No entanto, em meio à crise, alguns líderes globais continuam hesitando, disse ele, como evidenciado pelo resultado da última conferência climática da ONU, conhecida como COP25, realizada em Madri em dezembro.
Mas o secretário-geral da ONU disse estar convencido de que a batalha climática pode ser vencida à medida que as pessoas em todos os lugares entendam o que está acontecendo, enquanto a esmagadora maioria dos cientistas afirma que ainda há tempo para agir.
“Na próxima conferência climática — COP26, em Glasgow — os governos devem promover a mudança transformacional de que nosso mundo precisa e que as pessoas exigem, com ambição muito mais forte — ambição de mitigação, adaptação e de finanças”, afirmou.

Uma globalização justa

A terceira ameaça — desconfiança global profunda e crescente — pode ser enfrentada por meio de uma globalização justa, impulsionando o crescimento econômico e prevenindo conflitos.
Em 2015, os líderes mundiais adotaram uma agenda para criar um planeta mais justo para todos. Este ano, a ONU lançou a Década de Ação para alcançar os Objetivos de Desenvolvimento Sustentável (ODS) até o prazo de 2030.
“Durante a Década de Ação, devemos investir na erradicação da pobreza, na proteção social, na saúde e no combate às pandemias, em educação, energia, água e saneamento, nos transportes e infraestrutura sustentáveis ​​e no acesso à Internet”, afirmou Guterres.
“Precisamos melhorar a governança, combater os fluxos financeiros ilícitos, acabar com a corrupção e desenvolver sistemas eficazes, de bom senso e tributação justa. Temos de construir economias para o futuro e garantir um trabalho decente para todos, especialmente os jovens. E devemos colocar um foco especial em mulheres e meninas, porque isso beneficia a todos nós.”
O secretário-geral da ONU também incentivou os líderes a trabalhar para restabelecer a confiança, inclusive ouvindo seus cidadãos e aproveitando as ideias de mudança e outras soluções construtivas apresentadas pelos jovens.

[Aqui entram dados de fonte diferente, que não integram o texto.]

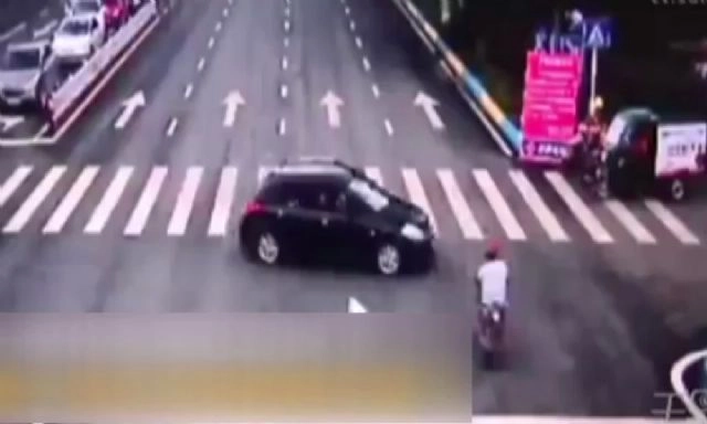 Çin'de inanılmaz bir kaza gerçekleşti. Seyir halindeki motosikletli dönüş yapan otomobille çarpıştı.
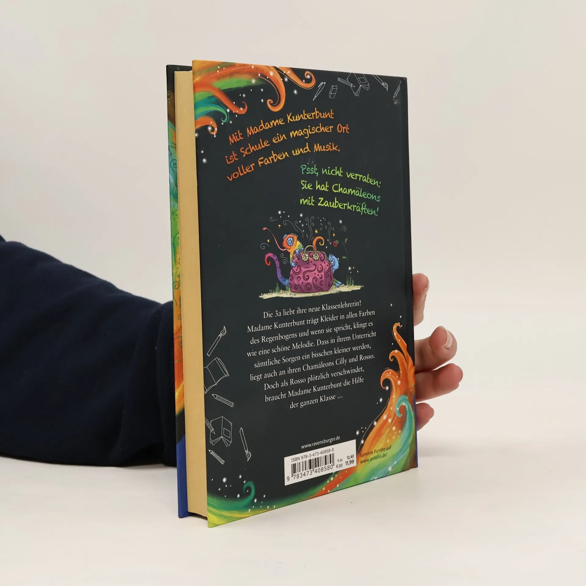 Wenn Schule schöner ist als Ferien! Die Schüler der 3a lieben ihre neue Klassenlehrerin! Madame Kunterbunt trägt Kleider in allen Farben des Regenbogens, wenn sie spricht, klingt es wie eine schöne Melodie, und sämtliche Sorgen werden in ihrer Gegenwart ein bisschen kleiner. Das liegt auch an ihren Chamäleons Cilly und Rosso, die immer herrlich viel Blödsinn anstellen und auch ansonsten echt fantastisch sind. Denn ihre schimmernden Schuppen haben Zauberkräfte! Entdecke alle Abenteuer rund um Madame Kunterbunt: Band 1: Madame Kunterbunt und das Geheimnis der Mutmagie Band 2: Madame Kunterbunt und das Abenteuer der Wunderwünsche Band 3: Madame Kunterbunt und das Rätsel des Mitmachzaubers
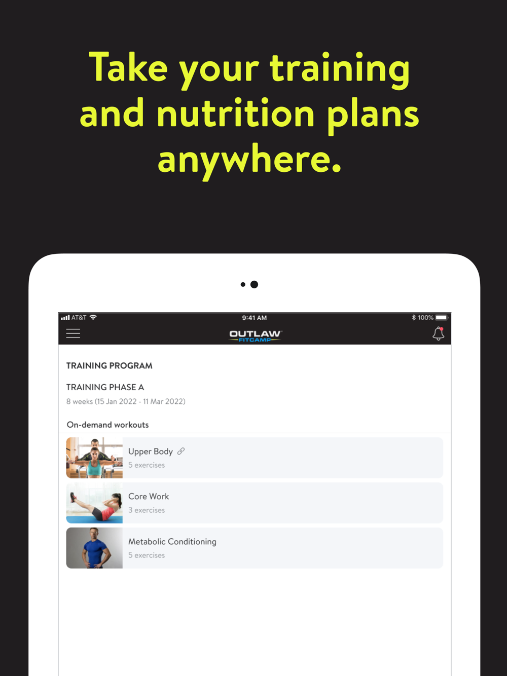 With the Outlaw FitCamp Performance App, you will have access to workout programs designed specifically to help you reach your fitness and health goals! You can follow & track your workouts, your nutrition, your lifestyle habits, measurements and results–all with the help of your coach.

Domesticar o ‘Velho Oeste’ do ciberespaço

Levar luz ao lado sombrio do mundo digital exigirá ação em várias frentes, inclusive no mercado de trabalho, pois a automação deslocará dezenas de milhões de empregos na próxima década.
O chefe da ONU recomendou que os sistemas educacionais sejam redesenhados para lidar com essa realidade, ensinando às pessoas como aprender durante toda a vida.
“Também precisamos colocar em ordem o ‘Velho Oeste’ do ciberespaço”, disse.
“Terroristas, supremacistas brancos e outros que semeiam ódio estão explorando a Internet e as mídias sociais. Os robôs estão espalhando desinformação, alimentando a polarização e minando as democracias. No próximo ano, o cibercrime custará 6 trilhões de dólares.”
Guterres destacou a ONU como a plataforma para reunir governos, setor privado, sociedade civil e outros para combater o que ele chamou de “fragmentação digital” por meio da cooperação global.
As “possibilidades alarmantes” da inteligência artificial também devem ser abordadas, e ele apelou aos países para banirem imediatamente as armas autônomas letais, também conhecidas como robôs assassinos.
“Armas autônomas letais – máquinas com o poder de matar por conta própria, sem julgamento e responsabilidade humana – estão nos levando a um território moral e político inaceitável”, alertou.